Excerpts from a dataset
=-=-=

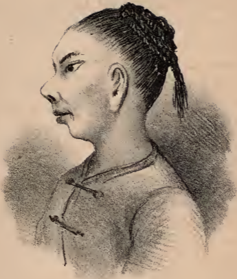
BESSIE'S PROMISING PUPIL.
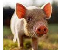
A pig newly bought from the market!

Our Widows continue to amaze us. Many of these elderly ladies have never been to school and cannot read or write BUT they are full of life and initiative. In Namboboto the Widows have started their pig project buying and selling and slowly it is beginning to support the widows and their families.
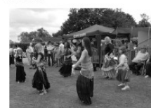
The Egyptian dancers

The village fete returned to the Three Willows garden on Sunday 9 th with an early threat of inclement weather. Happily the clouds parted and by 12 o'clock we were able to open with no problem thanks from the elements.
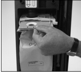
Quick change bag is the first level of filtration
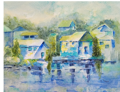
Watermedia - Waterfront Properties
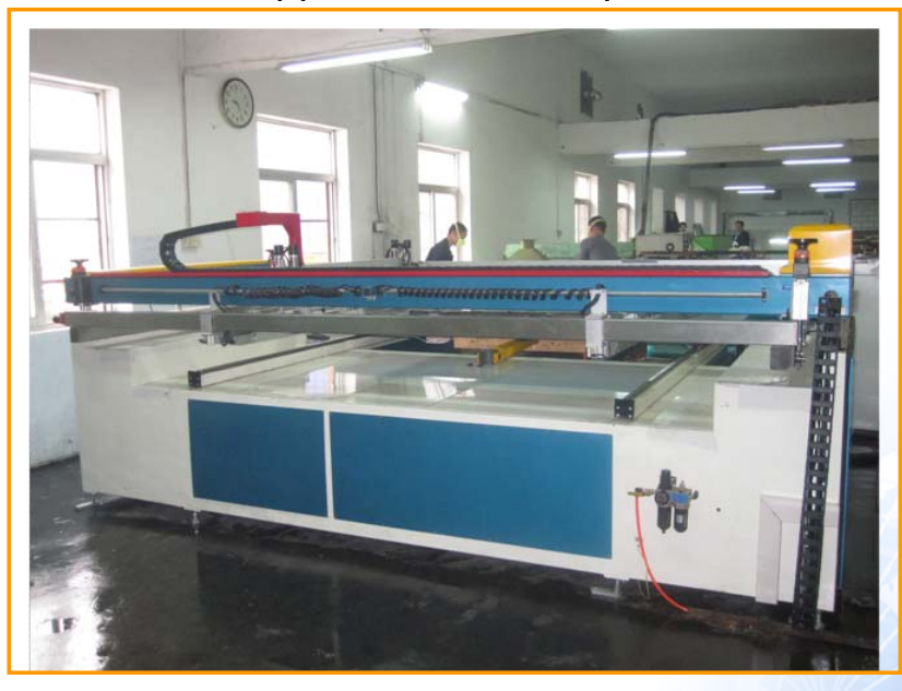
▲ New screen printing machine

A new screen printing machine was installed in the Xiamen factory at the end of February. Newly-hired workers have been training diligently the past few months to operate this new equipment. The maximum production capacity of the new printing machine is 6,300 square meters or approx. 68,000 square feet, translating to approx. 5 containers of 6mm glass each week. The new equipment brings our total printing capacity to 12,600 square meters, or approx. 136,000 square feet.

=-=-=

#### EXERCISE DIRECTIONS:
Each entry above should be returned exactly as written, minus its pictures.

#### PROBLEM SOLUTION:
BESSIE'S PROMISING PUPIL.
A pig newly bought from the market!

Our Widows continue to amaze us. Many of these elderly ladies have never been to school and cannot read or write BUT they are full of life and initiative. In Namboboto the Widows have started their pig project buying and selling and slowly it is beginning to support the widows and their families.
The Egyptian dancers

The village fete returned to the Three Willows garden on Sunday 9 th with an early threat of inclement weather. Happily the clouds parted and by 12 o'clock we were able to open with no problem thanks from the elements.
Quick change bag is the first level of filtration
Watermedia - Waterfront Properties
▲ New screen printing machine

A new screen printing machine was installed in the Xiamen factory at the end of February. Newly-hired workers have been training diligently the past few months to operate this new equipment. The maximum production capacity of the new printing machine is 6,300 square meters or approx. 68,000 square feet, translating to approx. 5 containers of 6mm glass each week. The new equipment brings our total printing capacity to 12,600 square meters, or approx. 136,000 square feet.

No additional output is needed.